Lidar Cross Section Calculation
The lidar cross section \(\sigma\) is calculated using the illuminated target area \(A\), following [Wagner, 2010], Eq. 14. It is assumed that each sub-ray either fully hits the target or does not hit at all; partial hits are treated as full hits in intensity simulation.
\[\sigma = 4\pi \cdot \text{BDRF}_r \cdot A \cdot \cos(\varphi)\]Received Intensity via Lidar-Radar Equation
The received intensity \(I\) is computed using the lidar-radar equation, including atmospheric attenuation [Carlsson et al., 2001]:
\[I = \frac{I_0 \cdot D_r^2 \cdot \eta_{\text{sys}} \cdot \sigma}{4\pi \cdot R^4 \cdot B_t^2 \cdot \exp\left( \frac{2\pi^2 r^2 w_0^2}{\lambda^2 (R_0^2 + R^2)} + 2 R a_e \right)} \cdot 10^9\]where:
\(I_0\) is the average pulse intensity,
\(D_r\) is the receiver diameter,
\(\eta_{\text{sys}}\) is the system efficiency,
\(R\) is the target range,
\(r\) is the sub-ray radius (distance from the central sub-ray),
\(B_t\) is the beam divergence,
\(w_0\) is the beam waist radius,
\(\lambda\) is the scanner wavelength,
\(R_0\) is the beam waist range (minimum range),
\(a_e\) is the atmospheric extinction coefficient, computed as:
\[a_e = \frac{3.91}{V_M} \left( \frac{\lambda}{0.55} \right)^{-q}\]with the exponent \(q\) defined piecewise:
\[\begin{split}q = \begin{cases} 1.6, & \text{if } V_M > 50\ \text{km} \\ 1.3, & \text{if } 50\ \text{km} > V_M > 6\ \text{km} \\ 0.585 \cdot V_M^{0.33}, & \text{otherwise} \end{cases}\end{split}\]where \(V_M\) is the atmospheric visibility.
References
Wagner, W. (2010).

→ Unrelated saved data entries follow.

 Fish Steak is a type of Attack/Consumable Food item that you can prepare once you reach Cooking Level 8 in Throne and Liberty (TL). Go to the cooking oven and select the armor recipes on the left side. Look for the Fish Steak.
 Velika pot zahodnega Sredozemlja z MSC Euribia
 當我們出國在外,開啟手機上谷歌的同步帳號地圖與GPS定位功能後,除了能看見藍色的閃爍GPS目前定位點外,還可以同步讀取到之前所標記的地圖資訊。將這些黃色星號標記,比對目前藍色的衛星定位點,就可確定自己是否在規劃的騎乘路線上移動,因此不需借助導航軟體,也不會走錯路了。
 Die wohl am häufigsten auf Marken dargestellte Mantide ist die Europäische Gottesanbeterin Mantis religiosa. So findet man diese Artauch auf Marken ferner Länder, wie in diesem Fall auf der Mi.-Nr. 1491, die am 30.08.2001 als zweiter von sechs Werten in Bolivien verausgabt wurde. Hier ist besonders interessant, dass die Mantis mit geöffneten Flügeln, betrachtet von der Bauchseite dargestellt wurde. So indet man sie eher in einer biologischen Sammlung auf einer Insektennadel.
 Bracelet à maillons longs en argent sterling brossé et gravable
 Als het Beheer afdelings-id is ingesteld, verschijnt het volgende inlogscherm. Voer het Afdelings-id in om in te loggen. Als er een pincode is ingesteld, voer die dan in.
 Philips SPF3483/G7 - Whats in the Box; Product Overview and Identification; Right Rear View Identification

Radiometric calibration of small-footprint full-waveform airborne laser scanner measurements: Basic physical concepts. ISPRS Journal of Photogrammetry and Remote Sensing, 65(6), 505–513. doi:10.1016/j.isprsjprs.2010.06.007.

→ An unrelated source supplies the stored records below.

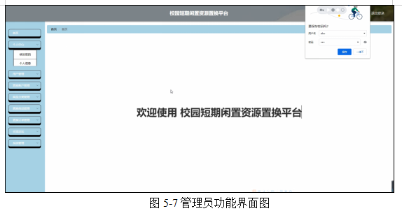 管理员登录系统后,可以对首页,个人中心,用户管理,置换账户管理,商品分类管理,置换商品管理,置换订单管理,交流论坛,系统管理等功能进行相应的操作管理,如图5-7所示。
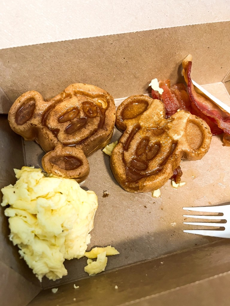 We slept in until about 8 AM and decided to order our breakfast to go from Oliviaās CafĆ© at Old Key West using the mobile order feature of the Walt Disney World app. We both ordered Mickey waffles with eggs and bacon. The Mickey waffles were delicious as always! We got ready and left our room to catch the bus over to Typhoon Lagoon, but when we got to the bus stop we were a little confused about how to get to the park. At the time were were in Disney World, there wasn’t a direct bus to Typhoon Lagoon from the resort hotels. However, there was a note on the bus board saying that all guests going to Typhoon Lagoon should go to Disney Springs and then transfer to a bus headed to Typhoon Lagoon. We decided that since it was a beautiful morning and we had the option, we would take the boat over to Disney Springs (like we had on night one) and then transfer to the bus. This might have been the wrong choice since we had to cross half of Disney Springs to get to the bus stop and we were both dressed only in swimsuits and cover ups.
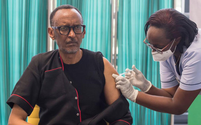 President Paul Kagame of Rwanda being vaccinated.
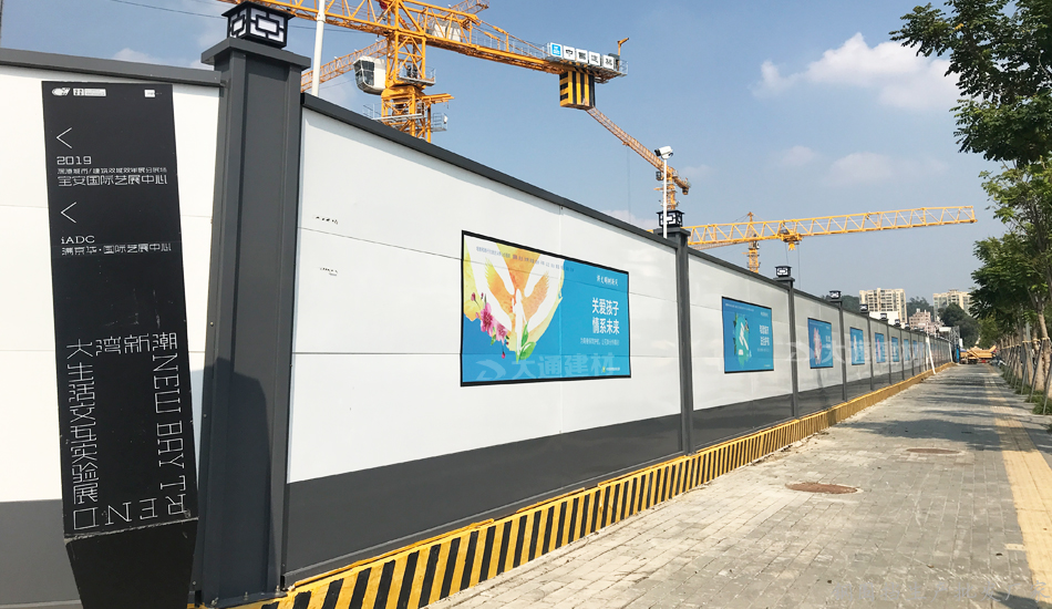 深圳市大通建材烤漆鋼結(jié)構(gòu)圍擋a款-深圳寶安藝展中心工地施工圍擋案例
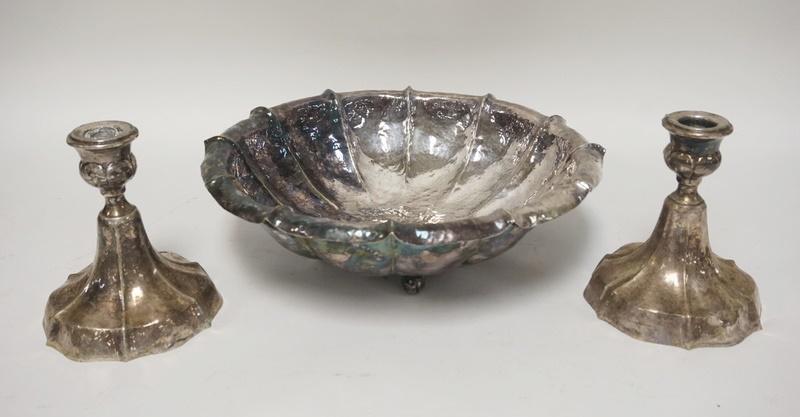 HAMMERED SILVER PLATED CONSOLE SET
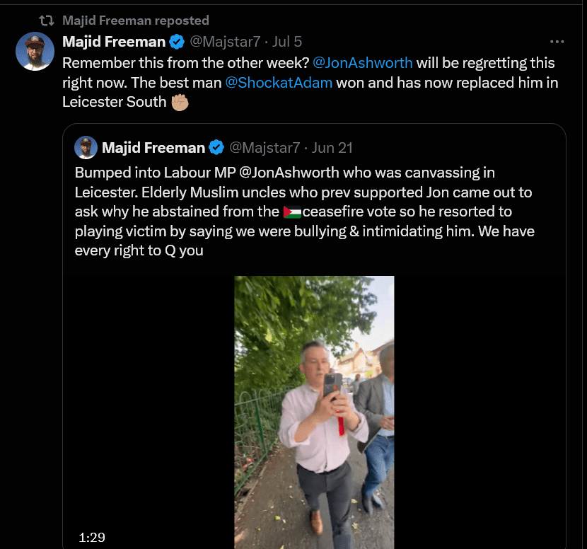 In one tweet, he said, “Remember this from the other week? @JonAshworth will be regretting this right now. The best man @ShockatAdam won and has now replaced him in Leicester South.”

Jutzi, B., & Gross, H. (2009). Normalization Of Lidar Intensity Data Based On Range And Surface Incidence Angle. In Int. Arch. Photogramm. Remote Sens. Spat. Inf. Sci, volume XXXVIII-3/W8, 213–218. URL: https://www.isprs.org/proceedings/xxxviii/3-w8/papers/213_laserscanning09.pdf, doi:10.24406/PUBLICA-FHG-362664.
Carlsson, T., Steinvall, O., & Letalick, D. (2001). Signature simulation and signal analysis for 3-D laser radar. Sewdish defence research agency (Sensorteknik, Totalförsvarets forskningsinstitut, FOI), 57. URL: https://www.foi.se/rest-api/report/FOI-R--0163--SE.
Phong, B. T. (1975). Illumination for computer generated pictures. Commun. ACM, 18(6), 311–317. doi:10.1145/360825.360839.